PROBLEM REQUIREMENTS:
Return every line from the one with "Youth St. Louis" through the one with "Flotte servietter med", inclusive, exactly as it appears below.

DATA PROVIDED:
· · · · · · ·

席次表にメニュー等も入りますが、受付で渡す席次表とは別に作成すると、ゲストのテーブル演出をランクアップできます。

· · · · · · ·

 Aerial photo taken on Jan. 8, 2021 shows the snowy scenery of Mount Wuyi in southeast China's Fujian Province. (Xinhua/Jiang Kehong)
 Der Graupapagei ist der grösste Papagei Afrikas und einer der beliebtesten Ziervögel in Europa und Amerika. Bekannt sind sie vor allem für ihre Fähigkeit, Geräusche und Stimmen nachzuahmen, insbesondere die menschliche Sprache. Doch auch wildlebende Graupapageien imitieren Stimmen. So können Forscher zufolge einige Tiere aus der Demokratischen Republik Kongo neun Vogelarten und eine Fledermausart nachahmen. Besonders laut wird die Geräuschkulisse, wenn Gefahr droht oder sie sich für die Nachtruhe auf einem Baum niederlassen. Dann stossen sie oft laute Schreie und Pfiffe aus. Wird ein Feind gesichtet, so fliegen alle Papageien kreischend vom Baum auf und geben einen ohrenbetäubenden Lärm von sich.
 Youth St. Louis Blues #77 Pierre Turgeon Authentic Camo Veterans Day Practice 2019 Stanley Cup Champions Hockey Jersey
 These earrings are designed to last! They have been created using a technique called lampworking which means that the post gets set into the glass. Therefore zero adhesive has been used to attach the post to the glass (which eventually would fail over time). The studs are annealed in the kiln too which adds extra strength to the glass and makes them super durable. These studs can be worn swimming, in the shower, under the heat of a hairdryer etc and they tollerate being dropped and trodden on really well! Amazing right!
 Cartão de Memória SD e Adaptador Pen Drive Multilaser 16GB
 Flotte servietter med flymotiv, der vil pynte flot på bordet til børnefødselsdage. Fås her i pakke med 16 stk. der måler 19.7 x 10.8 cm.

· · · · · · ·

ANSWER AREA:
 Youth St. Louis Blues #77 Pierre Turgeon Authentic Camo Veterans Day Practice 2019 Stanley Cup Champions Hockey Jersey
 These earrings are designed to last! They have been created using a technique called lampworking which means that the post gets set into the glass. Therefore zero adhesive has been used to attach the post to the glass (which eventually would fail over time). The studs are annealed in the kiln too which adds extra strength to the glass and makes them super durable. These studs can be worn swimming, in the shower, under the heat of a hairdryer etc and they tollerate being dropped and trodden on really well! Amazing right!
 Cartão de Memória SD e Adaptador Pen Drive Multilaser 16GB
 Flotte servietter med flymotiv, der vil pynte flot på bordet til børnefødselsdage. Fås her i pakke med 16 stk. der måler 19.7 x 10.8 cm.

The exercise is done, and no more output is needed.